## WHAT THIS TASK INVOLVES
Reproduce the entire listing exactly. Leave the pictures out.

● ● ● ● ●

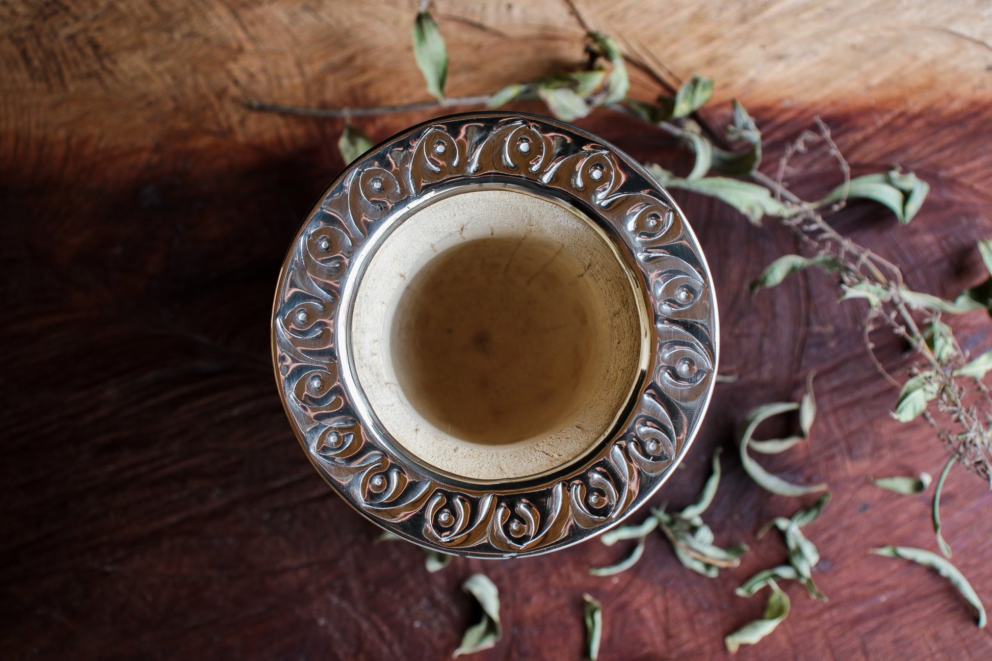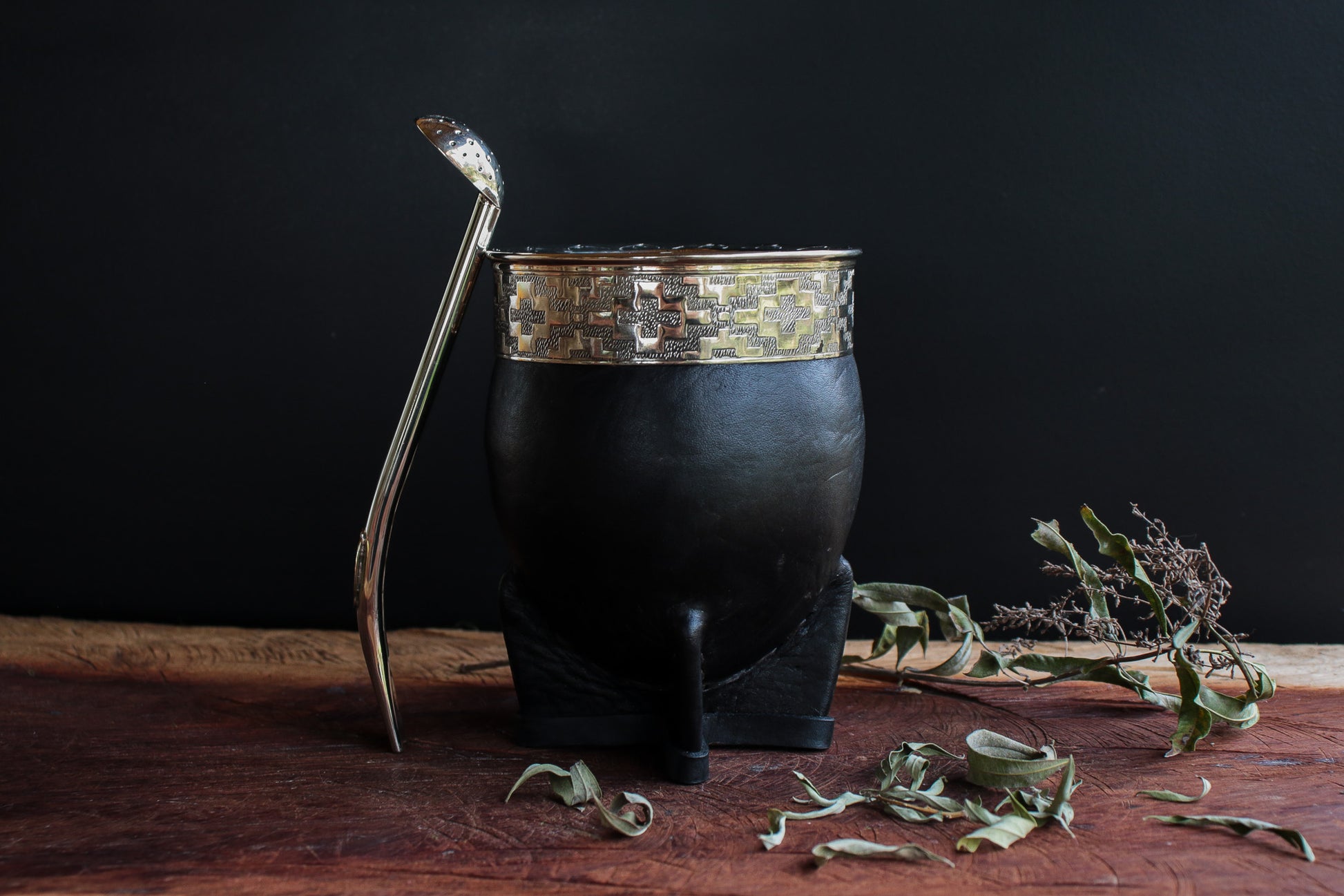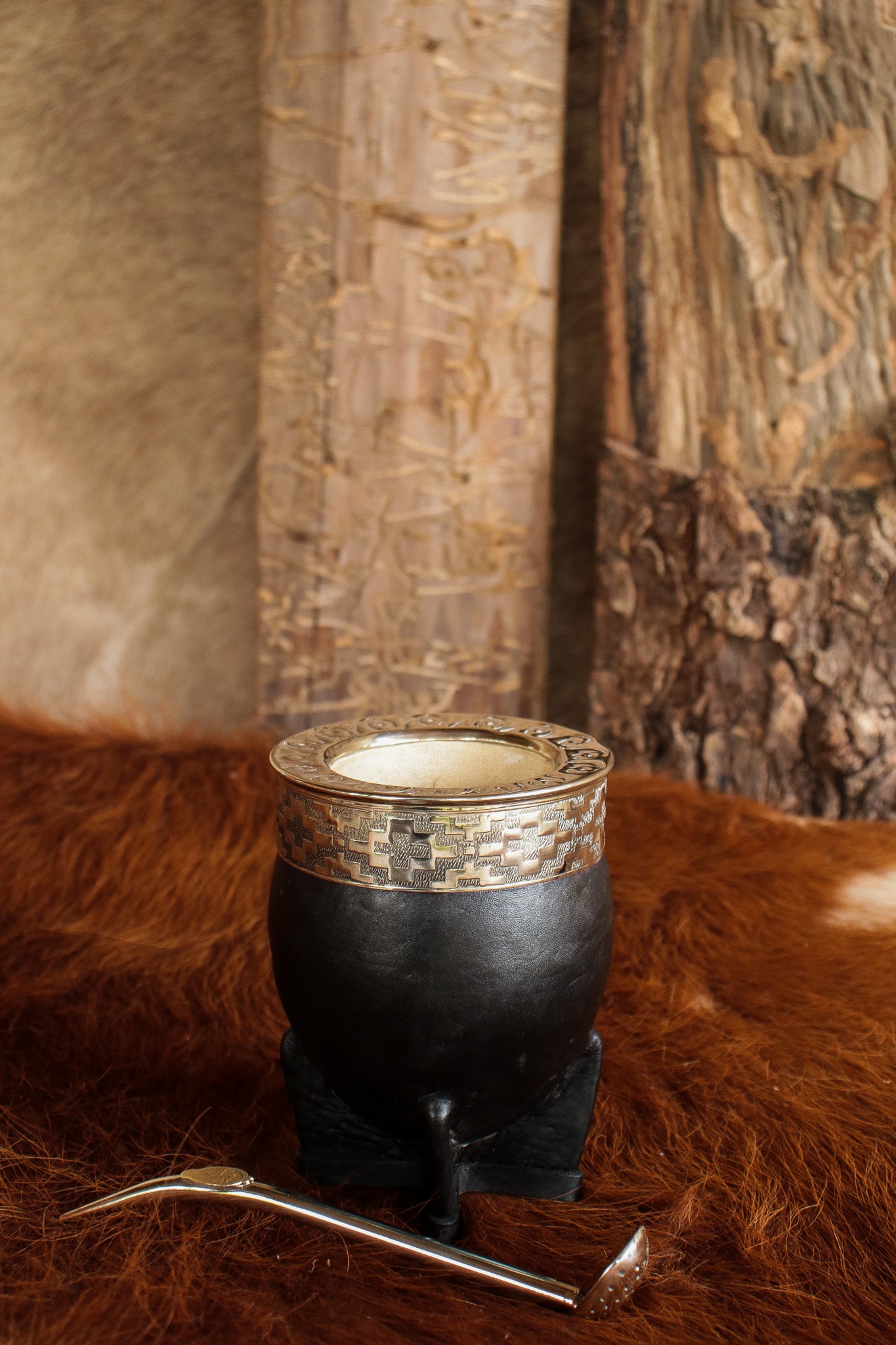 Mate imperial de porongo forrado artesanalmente en cuero natural.
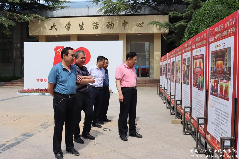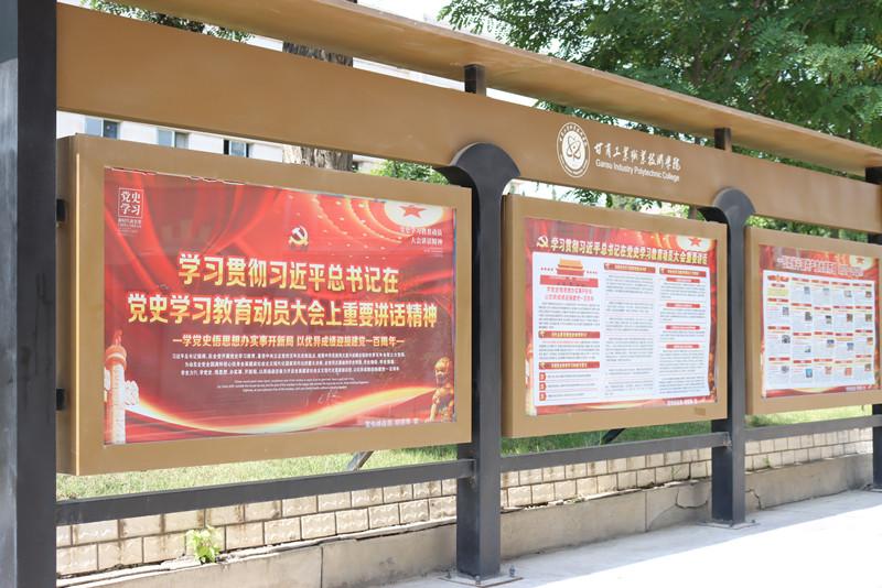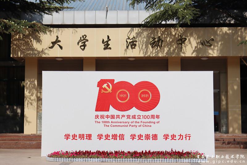 在大学生活动中心前,有22块宣传板十分醒目。庆祝中国共产党成立100周年的活动标识及内容解读让人心生肃穆,图文并茂的中国共产党历次代表大会的简介和党领导下取得的社会主义建设的伟大成就让人激动、自豪。行者驻足、观者深思,中国共产党的百年历程,就是团结带领人民为实现中华民族伟大复兴而接续奋斗的历程。
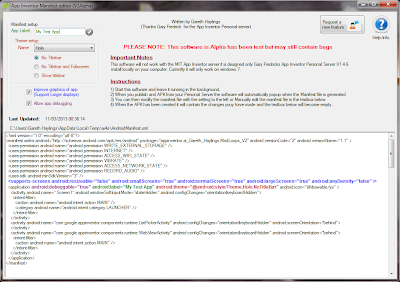 I have updated my App Inventor Manifest Editor software which works in conjuction with the ai4a Personal Server.
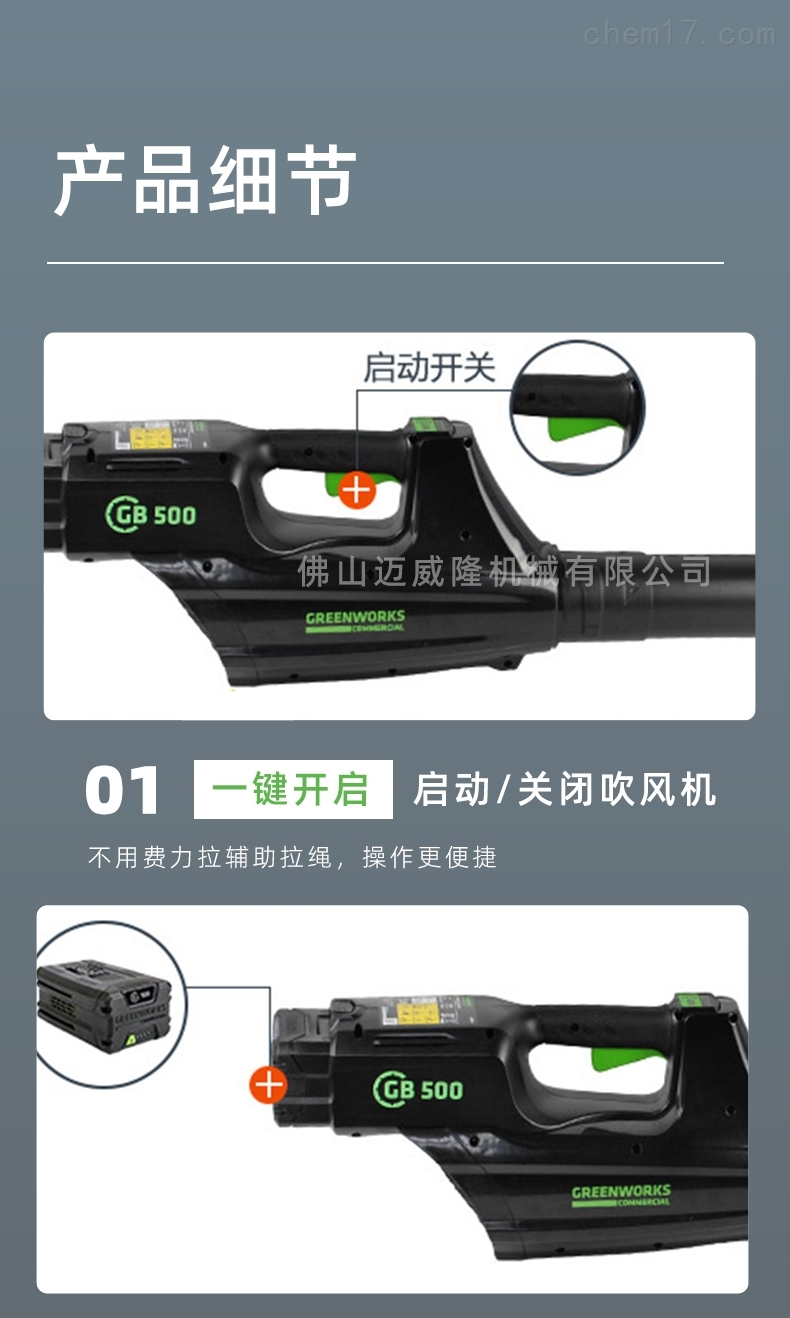 產(chǎn)品詳細(xì)信息:一鍵啟動(dòng)/關(guān)閉吹風(fēng)機(jī),無(wú)需用力拉動(dòng)輔助拉繩,操作更方便;82v鋰電池:大功率,鋰電池,重量輕,壽命長(zhǎng);風(fēng)管:吹風(fēng)管,材質(zhì)好,硬度高。
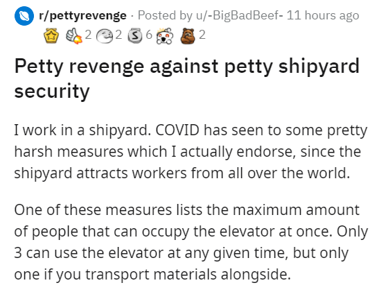 Most of us would agree that safety rules are important to follow. But when rules are enforced not on their utility but on the satisfactions of the people getting to abuse them, that's where people get petty. For another story of pettiness, here's a coworker who complained too much about free pizza and encouraged a petty feast.
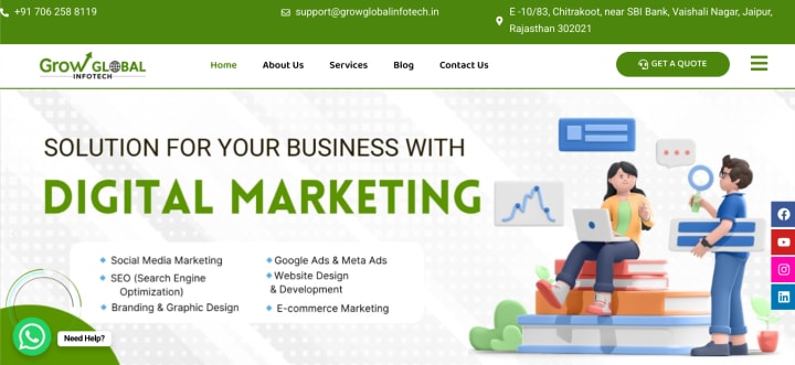 Grow Global Infotech is a result-oriented digital marketing company in Jaipur offering comprehensive marketing and IT solutions. They help businesses expand their digital footprint through SEO, content marketing, and social campaigns.
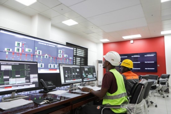 2月4日,在烏干達基里揚東戈,卡魯瑪水電站的職員在水電站主開關(guān)站內(nèi)工作。新華社發(fā)

● ● ● ● ●

## EXERCISE RESULT
 Mate imperial de porongo forrado artesanalmente en cuero natural.
 在大学生活动中心前,有22块宣传板十分醒目。庆祝中国共产党成立100周年的活动标识及内容解读让人心生肃穆,图文并茂的中国共产党历次代表大会的简介和党领导下取得的社会主义建设的伟大成就让人激动、自豪。行者驻足、观者深思,中国共产党的百年历程,就是团结带领人民为实现中华民族伟大复兴而接续奋斗的历程。
 I have updated my App Inventor Manifest Editor software which works in conjuction with the ai4a Personal Server.
 產(chǎn)品詳細(xì)信息:一鍵啟動(dòng)/關(guān)閉吹風(fēng)機(jī),無(wú)需用力拉動(dòng)輔助拉繩,操作更方便;82v鋰電池:大功率,鋰電池,重量輕,壽命長(zhǎng);風(fēng)管:吹風(fēng)管,材質(zhì)好,硬度高。
 Most of us would agree that safety rules are important to follow. But when rules are enforced not on their utility but on the satisfactions of the people getting to abuse them, that's where people get petty. For another story of pettiness, here's a coworker who complained too much about free pizza and encouraged a petty feast.
 Grow Global Infotech is a result-oriented digital marketing company in Jaipur offering comprehensive marketing and IT solutions. They help businesses expand their digital footprint through SEO, content marketing, and social campaigns.
 2月4日,在烏干達基里揚東戈,卡魯瑪水電站的職員在水電站主開關(guān)站內(nèi)工作。新華社發(fā)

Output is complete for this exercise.